DATA PROVIDED: Begin

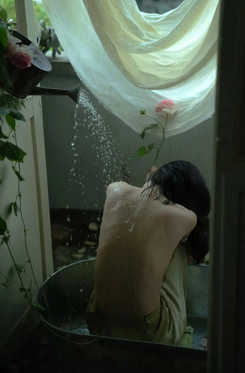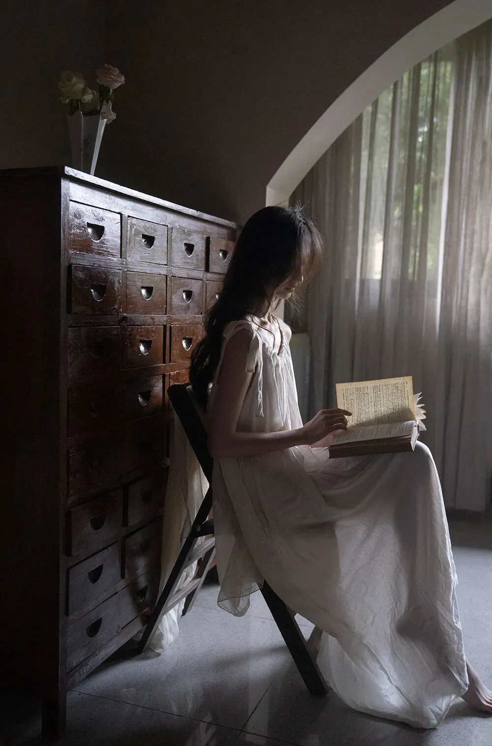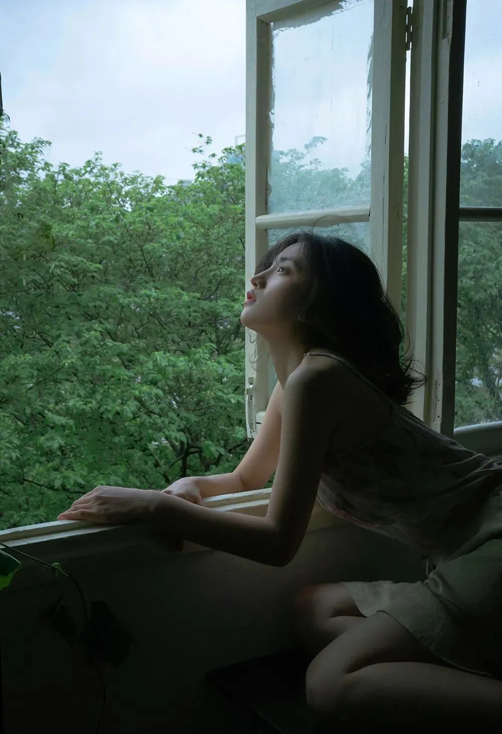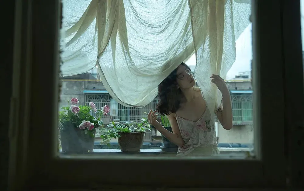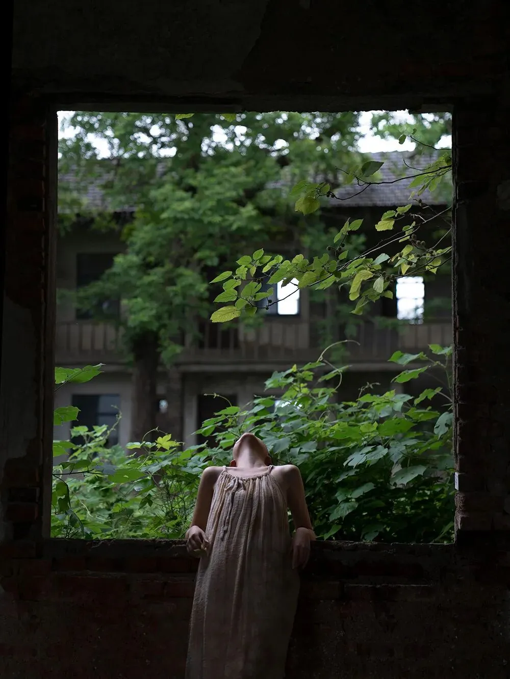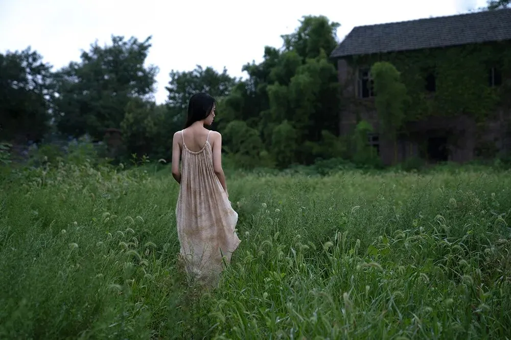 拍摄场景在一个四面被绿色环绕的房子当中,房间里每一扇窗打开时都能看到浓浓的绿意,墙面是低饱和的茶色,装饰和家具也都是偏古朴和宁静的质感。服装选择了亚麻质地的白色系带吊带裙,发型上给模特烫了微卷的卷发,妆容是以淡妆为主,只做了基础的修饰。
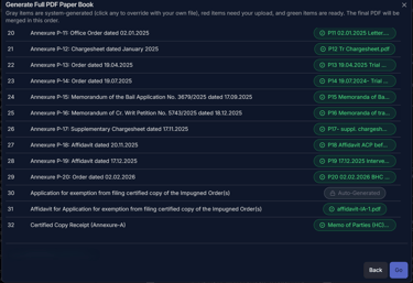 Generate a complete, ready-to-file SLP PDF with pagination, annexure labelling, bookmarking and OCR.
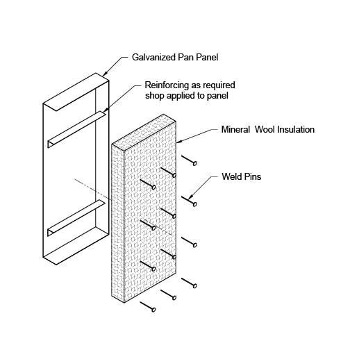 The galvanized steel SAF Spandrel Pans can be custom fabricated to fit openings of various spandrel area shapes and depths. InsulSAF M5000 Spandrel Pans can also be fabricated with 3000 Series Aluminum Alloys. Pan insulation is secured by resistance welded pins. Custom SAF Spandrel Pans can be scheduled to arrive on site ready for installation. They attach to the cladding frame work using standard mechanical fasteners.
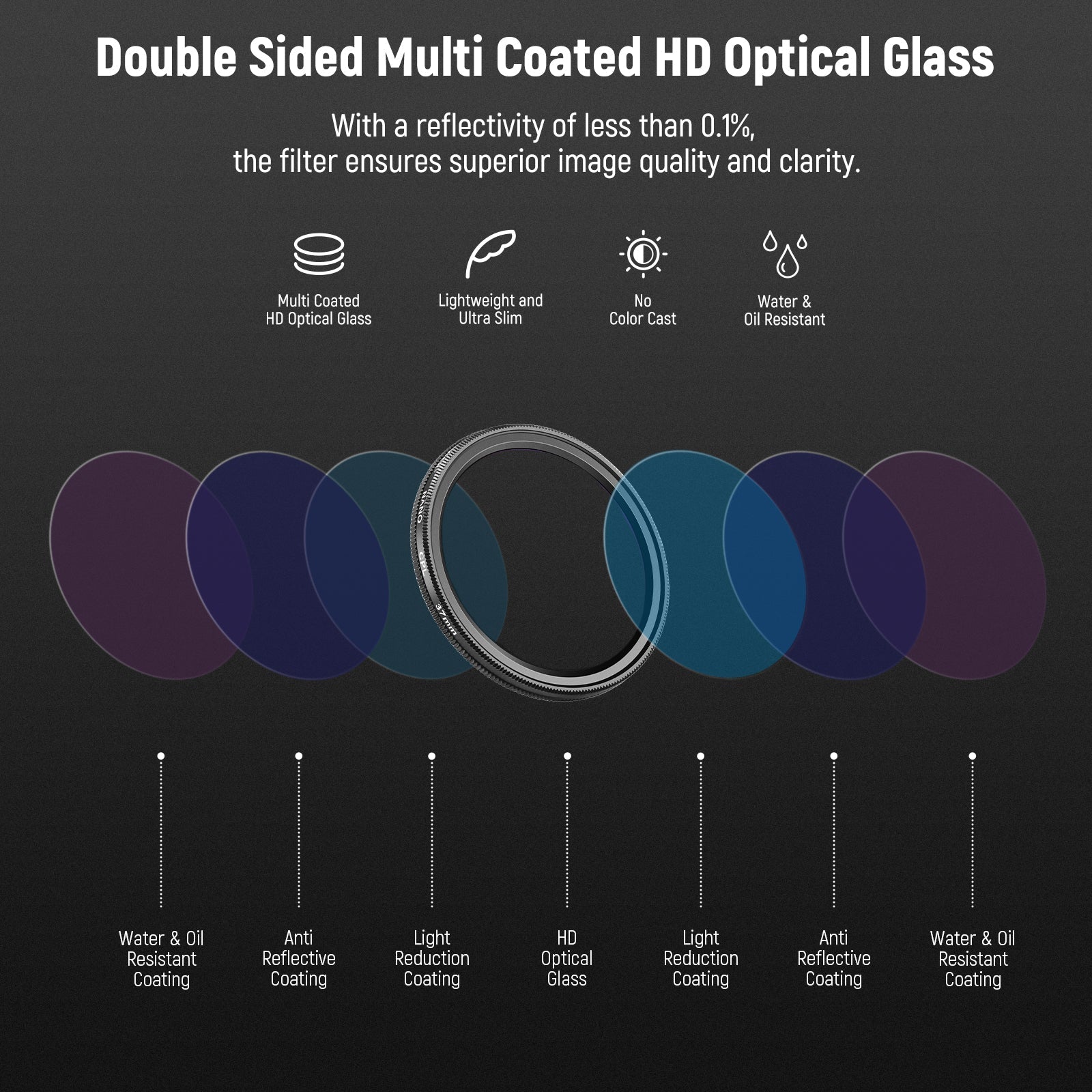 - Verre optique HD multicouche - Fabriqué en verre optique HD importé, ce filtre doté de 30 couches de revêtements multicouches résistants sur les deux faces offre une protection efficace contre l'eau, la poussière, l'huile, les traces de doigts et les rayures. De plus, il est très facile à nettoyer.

DATA PROVIDED: End

* INSTRUCTIONS TO FOLLOW *
Each line above gets copied exactly; leave the pictures out.

* YOUR RESPONSE *
 拍摄场景在一个四面被绿色环绕的房子当中,房间里每一扇窗打开时都能看到浓浓的绿意,墙面是低饱和的茶色,装饰和家具也都是偏古朴和宁静的质感。服装选择了亚麻质地的白色系带吊带裙,发型上给模特烫了微卷的卷发,妆容是以淡妆为主,只做了基础的修饰。
 Generate a complete, ready-to-file SLP PDF with pagination, annexure labelling, bookmarking and OCR.
 The galvanized steel SAF Spandrel Pans can be custom fabricated to fit openings of various spandrel area shapes and depths. InsulSAF M5000 Spandrel Pans can also be fabricated with 3000 Series Aluminum Alloys. Pan insulation is secured by resistance welded pins. Custom SAF Spandrel Pans can be scheduled to arrive on site ready for installation. They attach to the cladding frame work using standard mechanical fasteners.
 - Verre optique HD multicouche - Fabriqué en verre optique HD importé, ce filtre doté de 30 couches de revêtements multicouches résistants sur les deux faces offre une protection efficace contre l'eau, la poussière, l'huile, les traces de doigts et les rayures. De plus, il est très facile à nettoyer.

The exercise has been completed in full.